● YOUR ASSIGNMENT: Your copy should contain exactly the lines from the start of the listing through the line that holds "Hex #60bebe Color", and no pictures.

● INFORMATION SHOWN:

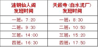 7月5日:開通漣鋼仙人閣至天籟寺、白水泥廠的專線班車,每天四班,運行線路及發(fā)班時間如下:
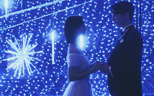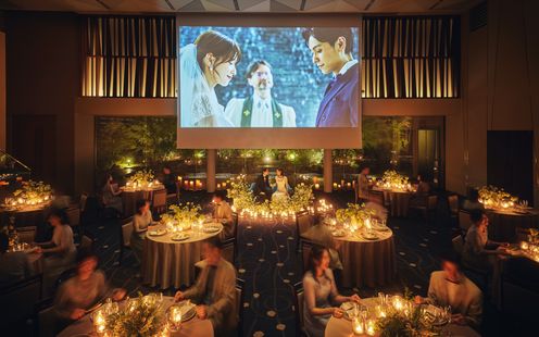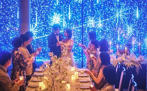 煌めくイルミネーションが美しい「紡(つむぎ)」。300インチの大画面映像演出やオープンキッチンからの料理演出、階段入場など多彩な演出が叶う空間です。この会場も日程により5名より利用が可能ですのでお問合せください。
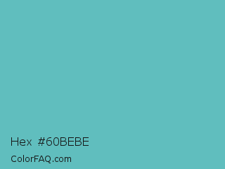 Hex #60bebe Color is a normal cyan color and the nearest color is Fountain Blue #56b4be. Hex code #60bebe and RGB value is rgb(96,190,190). In RGB color space, this color is composed of 38% red, 75% green, 75% blue, In CMYK color space, this color is composed of 49% cyan, 0% magenta, 0% yellow , 25% black , In HSL color space, this color has a hue angle of 180° , 42% saturation and 56% lightness.
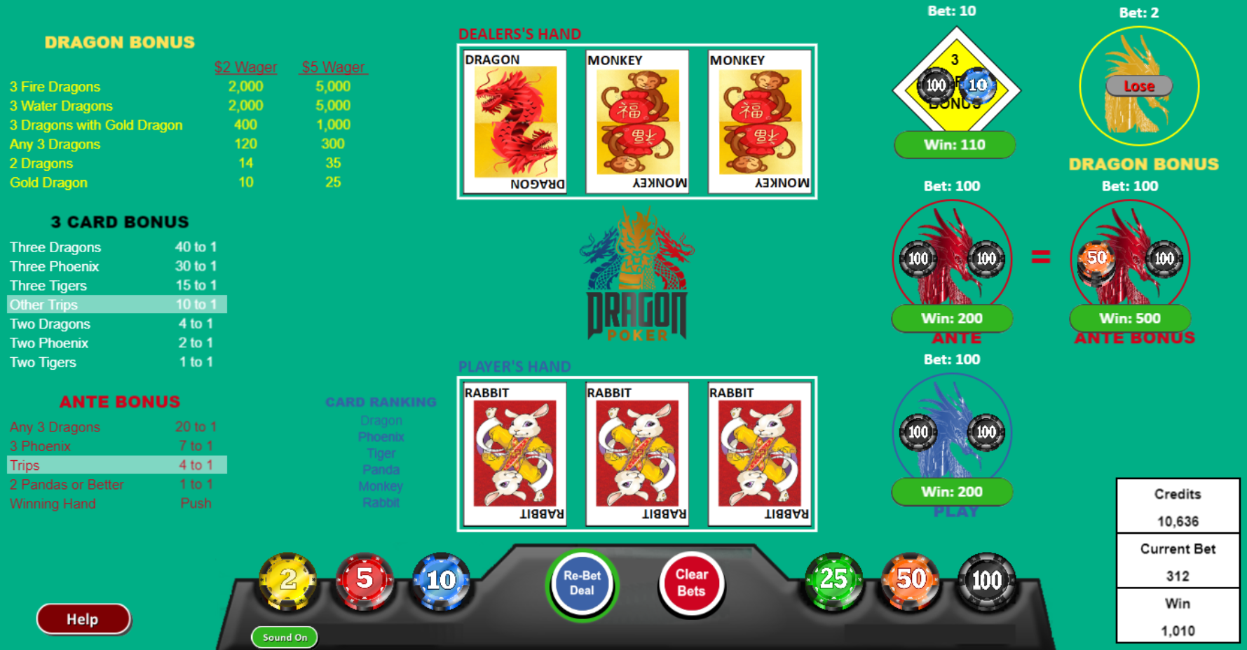 Yllä olevassa esimerkissä kolme jänistäni voittivat jakajan apinaparin. Peli ilmaisee kuvan "voiton" palautettuna summana, mukaan lukien alkuperäinen panos. Panostin 100 dollaria kukin Ante-, Ante Bonus- ja Play-panoksille. Ante ja Play voittivat kukin toiset 100 dollaria. Ante Bonus -panos maksoi takaisin kertoimella 4:1, jolloin voittoja oli 400 dollaria. 10 dollarin panokseni 3 Card Bonus -panokselle maksoi kertoimella 10:1 pienelle kolmoselle eli 100 dollarille. Lohikäärmebonus hävisi, koska minulla ei ollut lohikäärmeitä.
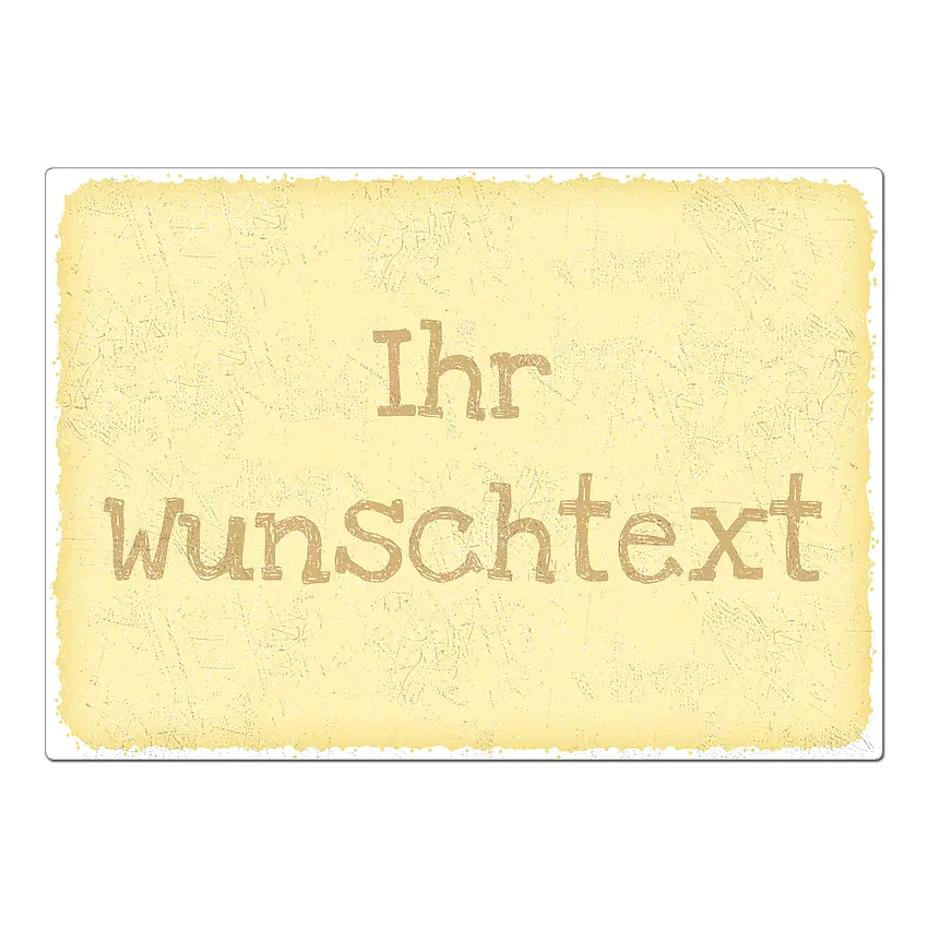 Shabby ist schick! Das gilt auch für dieses gelbe Türschild, das wir nach Ihren Wünschen in unserer hauseigenen Schilderfabrik produzieren. Es besteht aus Aluminium und gehört zu unserer beliebten Vintage-Serie. Wir drucken Ihren Wunschtext zusammen mit einem Symbol Ihrer Wahl auf das Schild.
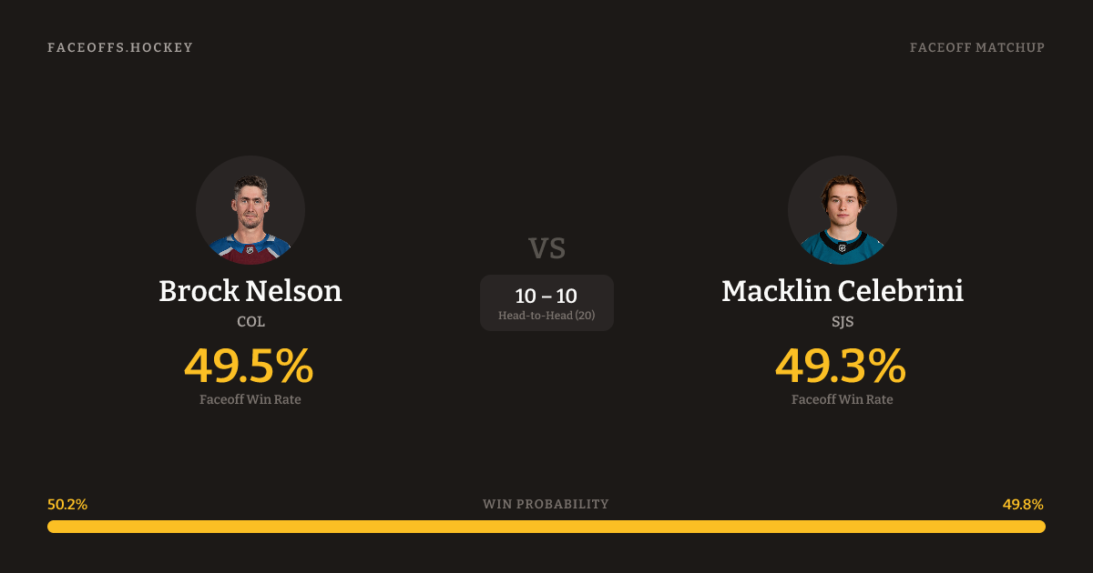 Brock Nelson vs Macklin Celebrini — Faceoff Head-to-Head
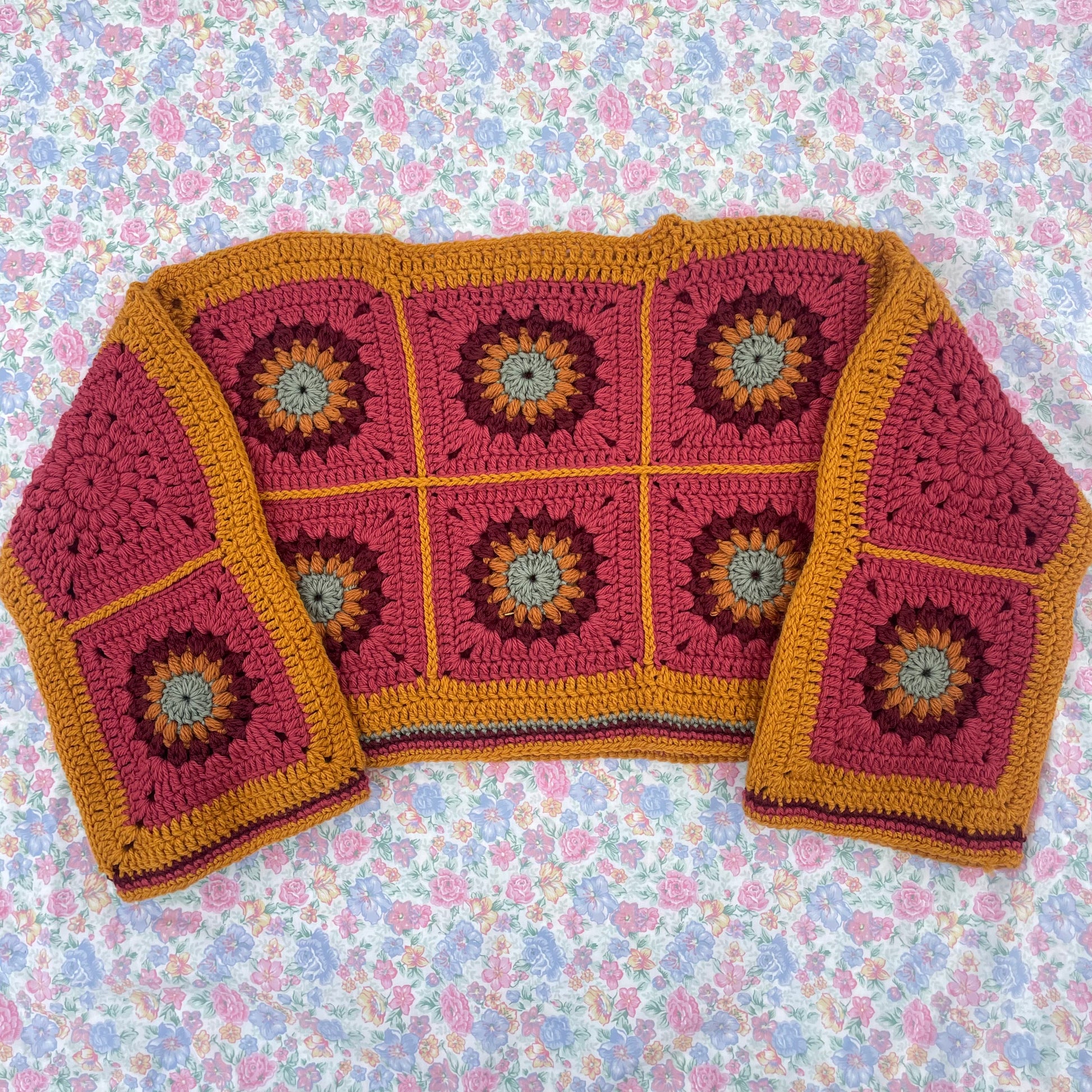 HeyTully Cropped Starburst Granny Square crochet sweater. Perfect for those colder months. Size S. Would fit size 6-8 best. Last pic for fit reference. Shown is a size M on a size 10-12.
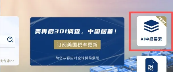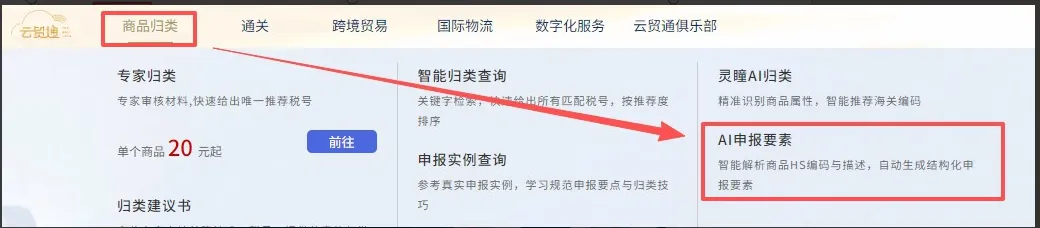 当前版本新增了“AI申报要素”的全新智能工具,您可以通过平台顶部的“商品归类”菜单或直接点击首页的NEW功能块进入。

● TASK RESULT:
 7月5日:開通漣鋼仙人閣至天籟寺、白水泥廠的專線班車,每天四班,運行線路及發(fā)班時間如下:
 煌めくイルミネーションが美しい「紡(つむぎ)」。300インチの大画面映像演出やオープンキッチンからの料理演出、階段入場など多彩な演出が叶う空間です。この会場も日程により5名より利用が可能ですのでお問合せください。
 Hex #60bebe Color is a normal cyan color and the nearest color is Fountain Blue #56b4be. Hex code #60bebe and RGB value is rgb(96,190,190). In RGB color space, this color is composed of 38% red, 75% green, 75% blue, In CMYK color space, this color is composed of 49% cyan, 0% magenta, 0% yellow , 25% black , In HSL color space, this color has a hue angle of 180° , 42% saturation and 56% lightness.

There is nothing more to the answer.